The goal of the mini-ethnography is to capture this child or family member’s perception of their world
and the illnesses’ role in that world. Your goal is to engage the interviewee in a focused discussion of
what it means to be a child or the parent of a child with a particular illness.
The interview process is open-ended and emphasizes asking questions that elicit rich detail. Toward
this end,
Develop an interview guide to focus the discussion. Feedback will be given on your interview guide if
you choose to turn it in for review one week prior to your interview. If you choose to have your guide
reviewed, please provide a few sentences about the person you are interviewing and the condition or
experience about which you will be interviewing them.

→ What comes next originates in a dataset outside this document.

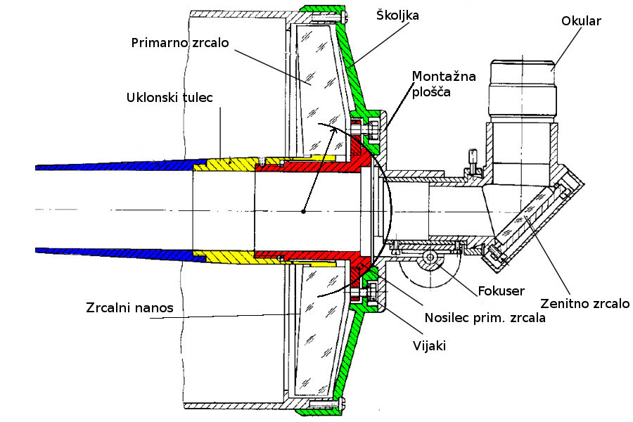 Slika 7. Približno pravokotno na stensko zrcalo poravnan teleskop.

The guide should contain a list of broad topic
areas you want to cover. Some useful strategies for formulating questions and conducting an in-depth
interview include:
1) Explain the purpose of the interview and assure confidentiality.
2) Use descriptive questions and encourage vivid detail – probe by asking follow-up questions about
the sequence of events, the locations, who else was there and what were they doing.
3) Avoid evaluative questions: What kinds of things does your family do together versus how do you
get along with your family.
4) Begin broad and focus more narrowly.
5) Check to make sure you understand the meaning behind what is being said. Ask them to explain
language you don’t understand. Restate what they have said to make sure you are clear on what
they mean.
6) Give permission to discuss difficult areas or NOT if preferred.
Due at the beginning of class on October 2nd
Length: 10-12 pages, double-spaced (Please attach your interview guide as an appendix)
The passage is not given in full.